Exercise data
↓

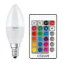 Description Osram LED E14 Bougie Dépolie 6W 470lm - 827 | RGBW - Dimmable - Télécommande - Remplacement 40W
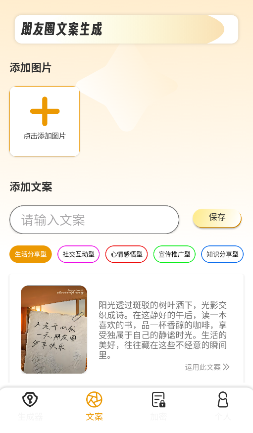 2、进入"文案创作"功能,上传图片并输入关键词,系统自动生成优质朋友圈文案。
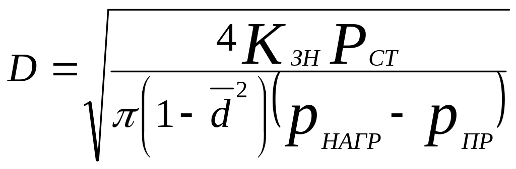 Из зависимости 3.2 может быть получена формула для расчета диаметра силового гидроцилиндра с односторонним штоком

↑

What is required
Transcribe the full listing above exactly, with the images removed.

Solution to this task
 Description Osram LED E14 Bougie Dépolie 6W 470lm - 827 | RGBW - Dimmable - Télécommande - Remplacement 40W
 2、进入"文案创作"功能,上传图片并输入关键词,系统自动生成优质朋友圈文案。
 Из зависимости 3.2 может быть получена формула для расчета диаметра силового гидроцилиндра с односторонним штоком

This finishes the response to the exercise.